Os suecos em geral parecem
realmente ter receio da regra que proíbe aceitar qualquer brinde ou presente
com valor acima de aproximadamente 400 coroas suecas.
GUNNAR STETLER: Em geral, nenhum funcionário público ou privado na
Suécia é autorizado a aceitar brindes ou presentes acima de 300 ou no máximo
400 coroas (entre cerca de 46 e 60 dólares). Na minha posição, não posso
aceitar nada.
Nada?
GUNNAR STETLER: Não. Nem mesmo um café com wienerbröd (tipo de pão
doce sueco). E não acho que políticos ou funcionários públicos na Suécia
aceitam, em geral, o que é considerado como suborno real, ou seja, grandes
subornos.
Não acontece?
GUNNAR STETLER: Pode acontecer, mas não é normal. A questão é
definir o que é considerado como um suborno. Para alguns, aceitar um convite
para jantar ou passar o fim de semana em um resort não configura um suborno.
Mas na Suécia, convites deste tipo caracterizam de fato um suborno.
Principalmente para aqueles que trabalham no setor público.
Aceitar
um convite para jantar pode então ser considerado um crime?
GUNNAR STETLER: Na minha opinião, uma pessoa ou empresa privada não
pode convidar um funcionário público para jantar, se há um negócio envolvido
entre as duas partes.
Qual é o seu melhor conselho
para um país como o Brasil se tornar uma sociedade mais limpa?

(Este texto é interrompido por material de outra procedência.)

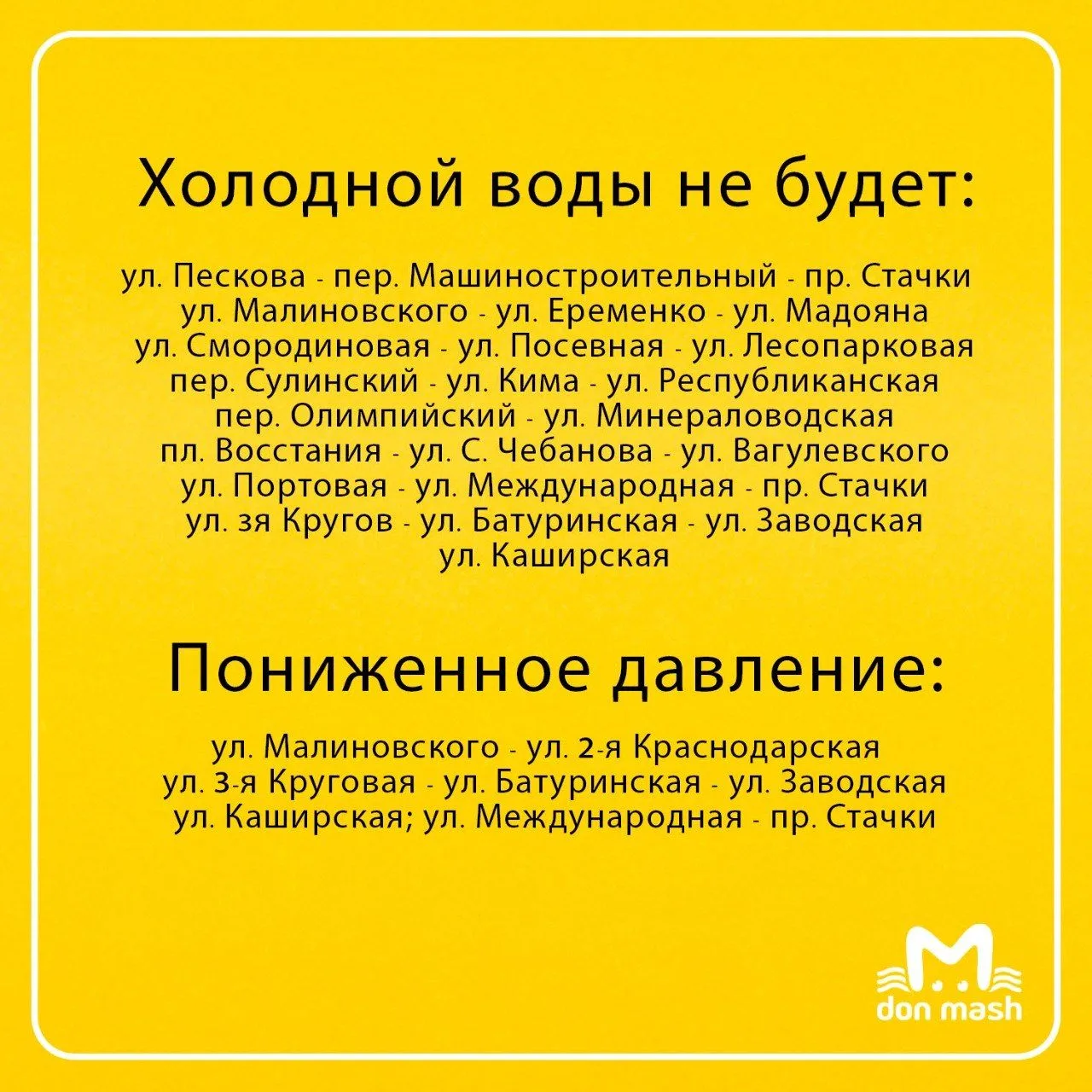 Вентили перекроют с 9 утра 28 апреля до 5 утра 29-го. Полный список адресов — в карточке. Вы сами знаете, что делать, но мы напомним: наполните вёдра и тазики.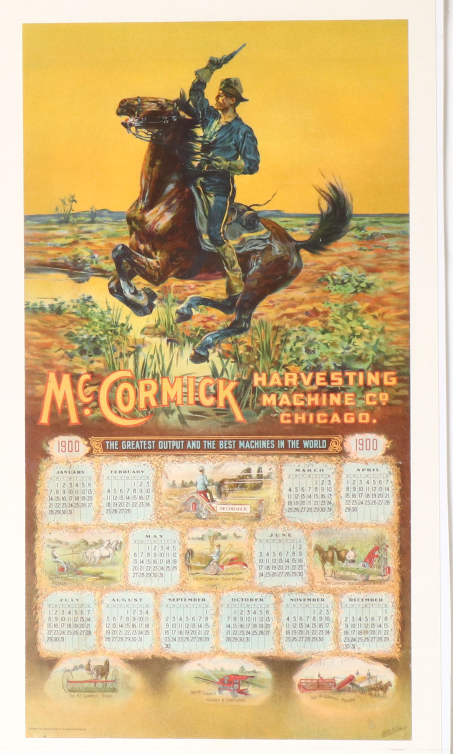 1900 McCormick Harvesting Machine Co calendar, pictures a solider on horseback with a pistol, many other images on bottom, 13 3/4'' x 25 1/2''. Grade: Excellent ++ - Value: 10 to 100

GUNNAR STETLER: É preciso compreender que esta é uma tarefa que não
pode ser cumprida em 24 horas. Para combater a corrupção, é necessário
implementar um sistema de ampla transparência dos poderes estatais, aumentar o
nível de educação da população em geral, e promover a igualdade social. A
educação é o princípio básico do que chamamos na Suécia de jämlikheten (a
igualdade social). E este é também um fator importante na prevenção da
corrupção. Parece-me que o Brasil é um país com enormes desigualdades sociais.

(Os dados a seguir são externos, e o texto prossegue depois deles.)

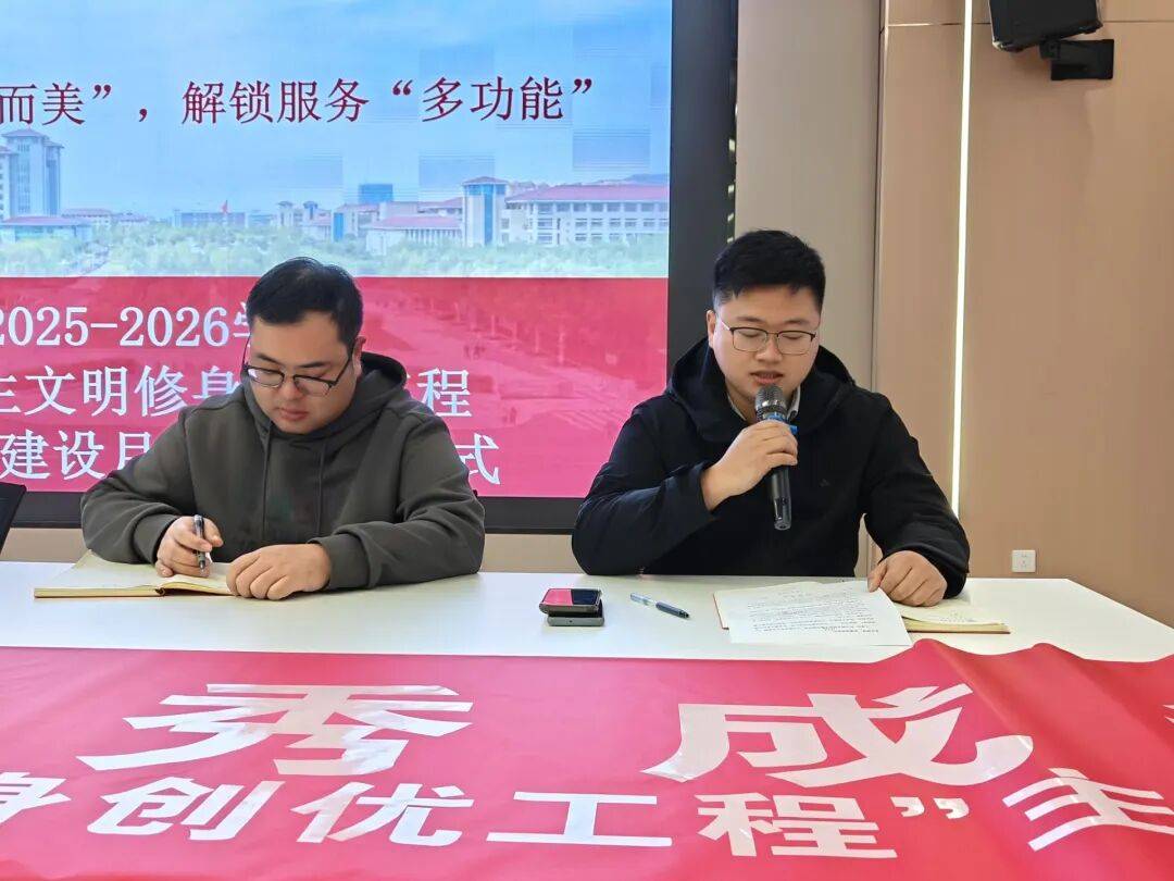 11月14日下午,海洋港口学院“大学生文明修身工程”暨学风建设月活动启动仪式在校大学生一站式服务中心顺利举行。活动紧扣“激活空间‘小而美’,解锁服务‘多功能’”主题,以空间赋能为抓手,以文明修身为载体,通过专题宣讲、集体承诺、主题展示等多元环节,推动文明素养培育与优良学风建设深度融合、互促共进。院党总支书记汪涛、党总支副书记匡亚茹及学工办全体老师出席活动,仪式由孙瑞泽老师主持。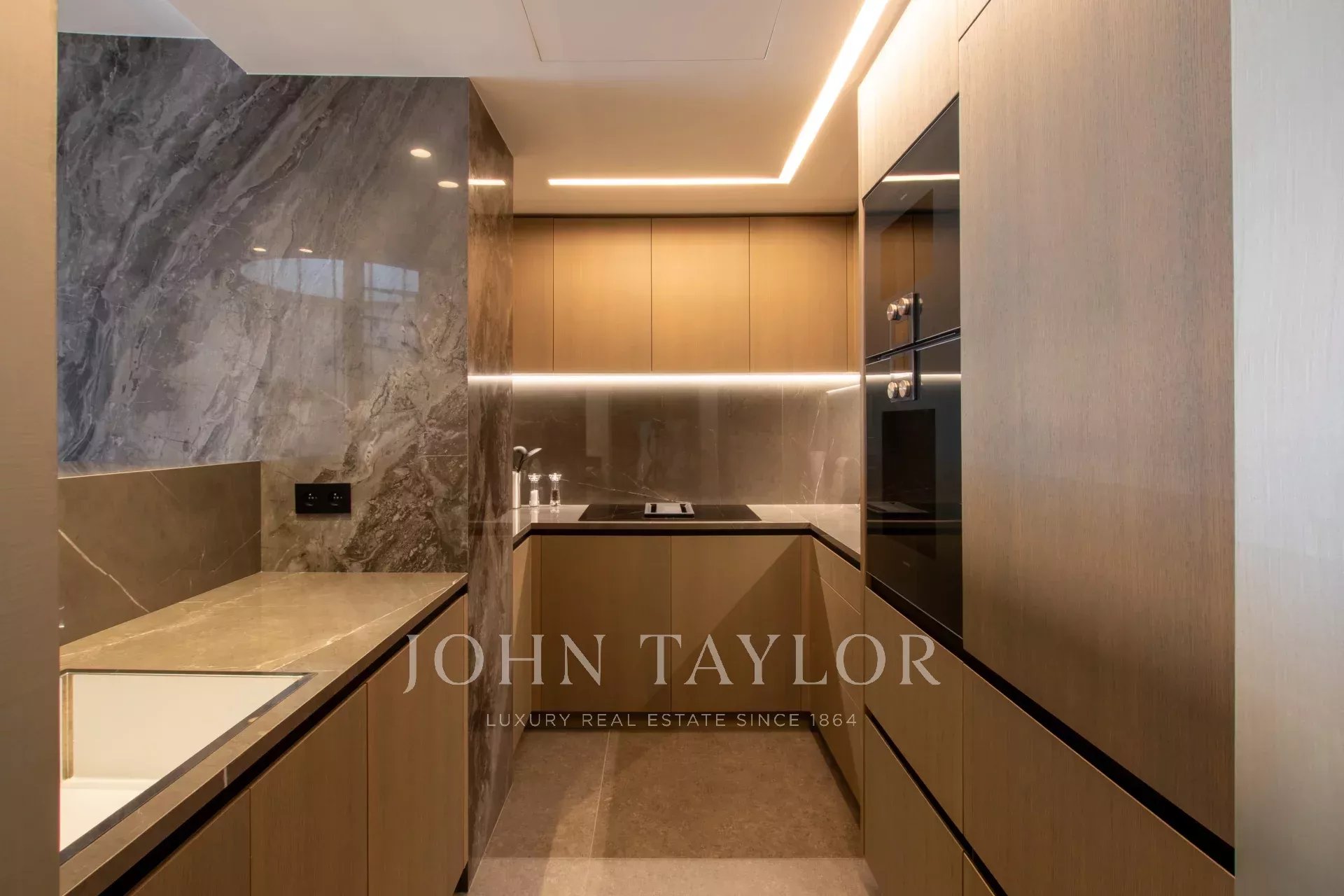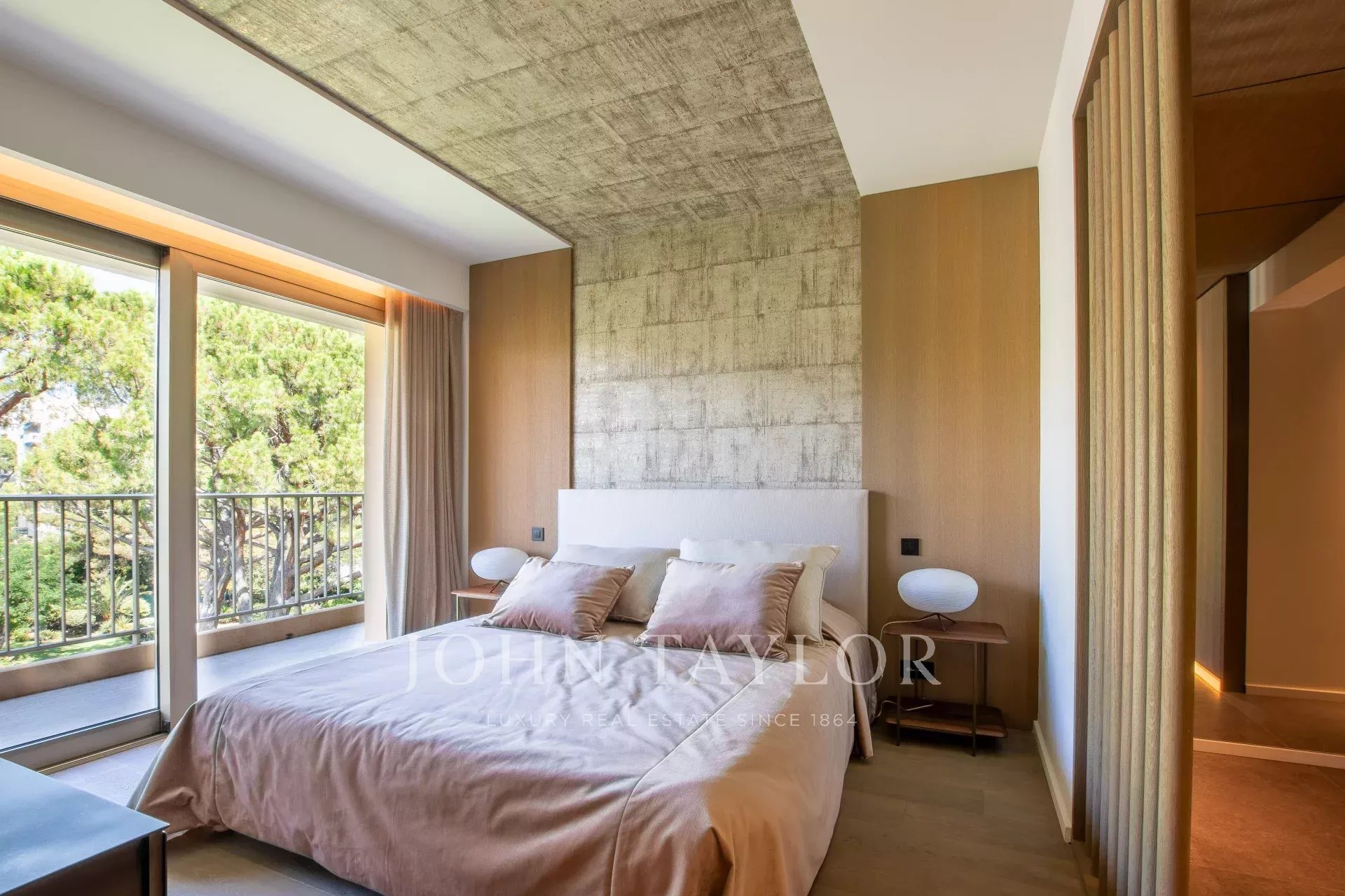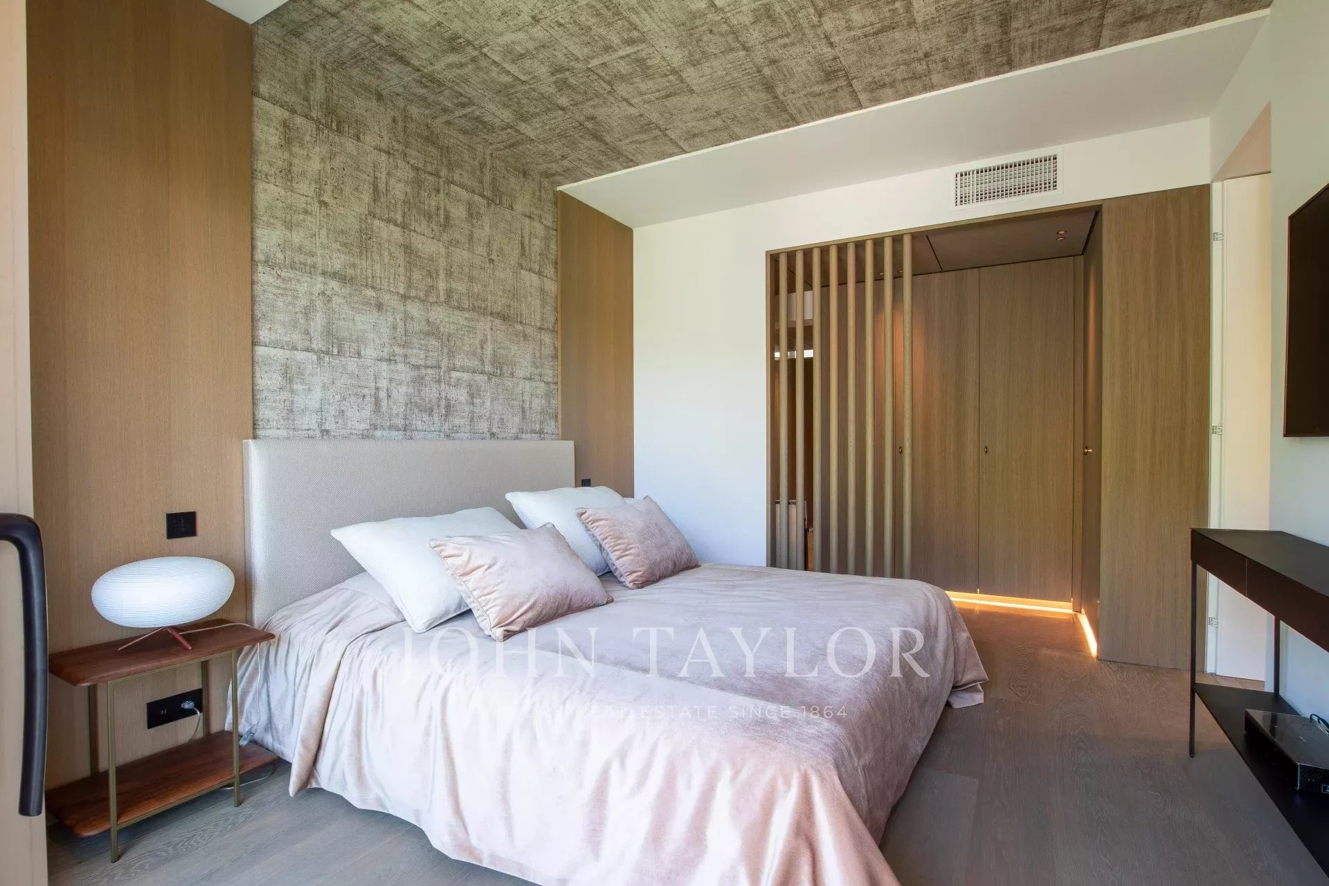 The apartment consists of an entrance, large living room and dining room opening onto a first terrace of about 33 sqm with panoramic views, fitted kitchen. Guest toilet. Two bedrooms en-suite with balcony of 33 sqm. Stairs rising on to the roof terrace with a surface of 130 sqm, private pool, a cabin boat, shower and toilet. High-end services.

Qual a importância da igualdade
social neste processo?
GUNNAR STETLER: Se uma pessoa tem que lutar diariamente por sua
sobrevivência, para ter acesso a alimentação, escolas e hospitais, a questão do
combate à corrupção na sociedade certamente não estará entre seus principais
interesses. Mas quando uma pessoa se sente parte da sociedade à qual pertence,
passa a não aceitar os abusos do poder.